DesRoches’ primary research interests are in the design of resilient infrastructure systems under extreme loads and the application of smart materials. His research is highly interdisciplinary and spans micro- to macro-scales. He has published approximately 300 articles and delivered more than 100 presentations in over 30 different countries. He also has mentored more than 30 doctoral students, many of whom hold faculty positions at top universities around the world.
A fellow of the American Society of Civil Engineers (ASCE) and the society's Structural Engineering Institute (SEI), DesRoches served as the key technical leader in the United States’ response to the 2010 Haiti earthquake, taking a team of 28 engineers, architects, city planners and social scientists to study the impact of the earthquake. He also has participated in numerous congressional briefings to underscore the critical role that university research must play in addressing the country’s failing infrastructure and enhancing the nation’s resilience to natural hazards.
DesRoches chaired the National Institute of Standards and Technology's (NIST) National Construction Safety Team Advisory Committee (NCST), which is overseeing NIST’s investigation of the collapse of the Champlain Towers South Condominium in Surfside, Florida.
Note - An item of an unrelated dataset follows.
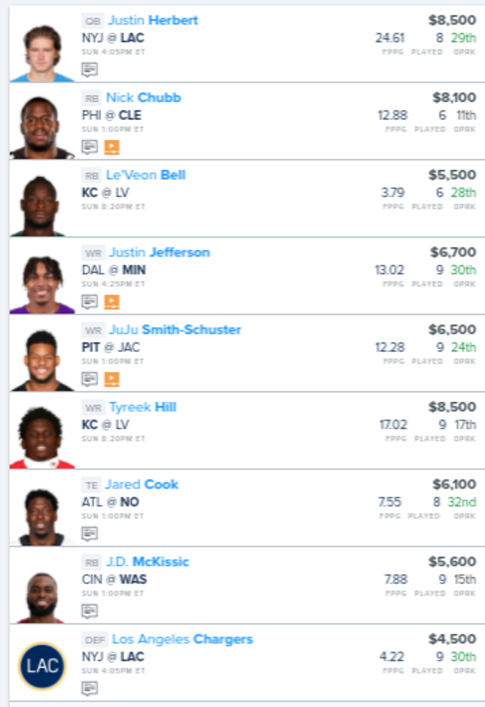 Herbert gets the lowly Jets this week and he’s shown he can hang points against better defenses earlier in the season. He’s an under the radar DFS play this week.

He is on the advisory board for the Natural Hazards Engineering Research Infrastructure (NHERI) Simulation Center, the California Department of Transportation Seismic Advisory Board, the Halliburton Labs Clean Tech Accelerator and the HTX Impact Fund, which is focused on minority led startups.
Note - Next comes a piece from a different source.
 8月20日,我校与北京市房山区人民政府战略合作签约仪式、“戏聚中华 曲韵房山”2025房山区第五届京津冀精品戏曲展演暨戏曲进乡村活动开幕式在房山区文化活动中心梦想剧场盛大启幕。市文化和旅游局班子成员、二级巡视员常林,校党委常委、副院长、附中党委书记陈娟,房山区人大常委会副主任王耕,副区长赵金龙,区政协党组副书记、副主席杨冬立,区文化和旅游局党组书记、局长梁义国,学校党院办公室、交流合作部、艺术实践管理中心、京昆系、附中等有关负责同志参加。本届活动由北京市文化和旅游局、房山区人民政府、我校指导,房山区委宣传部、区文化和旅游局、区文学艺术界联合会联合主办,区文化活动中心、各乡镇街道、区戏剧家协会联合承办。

He previously served on the advisory committee for the Engineering Directorate for the National Science Foundation, the National Academies Resilient America Roundtable (RAR), the Global Earthquake Modeling Scientific Board and the National Science Foundation Engineering Advisory Council. In recent years, DesRoches has testified before U.S. House and Senate subcommittees on the science of earthquake resilience, and he has participated in Washington, D.C., roundtables for media and congressional staffers on topics ranging from disaster preparedness to challenges for African American men in STEM fields.
A member of the National Academy of Engineering, DesRoches’ distinctive research record has been recognized for its impact and innovation. He received the Distinguished Arnold Kerr Lecturer Award in 2019, the John A. Blume Distinguished Lecturer Award in 2018, and the 2018 Earthquake Engineering Research Institute Distinguished Lecturer Award, one of the highest honors in the field of earthquake engineering. He also is a recipient of the 2015 ASCE Charles Martin Duke Lifeline Earthquake Engineering award, the 2007 ASCE Walter L. Huber Civil Engineering Research Prize, and the Georgia Tech ANAK Award, which is the highest honor the Georgia Tech student body can bestow on a faculty member. He received the Presidential Early Career Award for Scientists and Engineers (PECASE) in 2002, the John A. Blume Distinguished Lecture in 2018 and the Georgia Tech Outstanding Doctoral Thesis Adviser Award in 2010. DesRoches is a member of the Academy of Distinguished Alumni in Civil Engineering at Berkeley and was recently named an honorary alumnus of Georgia Tech.
DesRoches was born in Port-au-Prince, Haiti, and grew up in Queens, New York. He earned his Bachelor of Science in Mechanical Engineering, a Master of Science in Civil Engineering and a Doctorate in Structural Engineering at the University of California, Berkeley.
DesRoches is married to Paula DesRoches, a highly accomplished healthcare professional, nurse practitioner and administrator recognized for her leadership in occupational health. The couple has three children, Andrew, Jacob and Shelby, who is a student at Rice.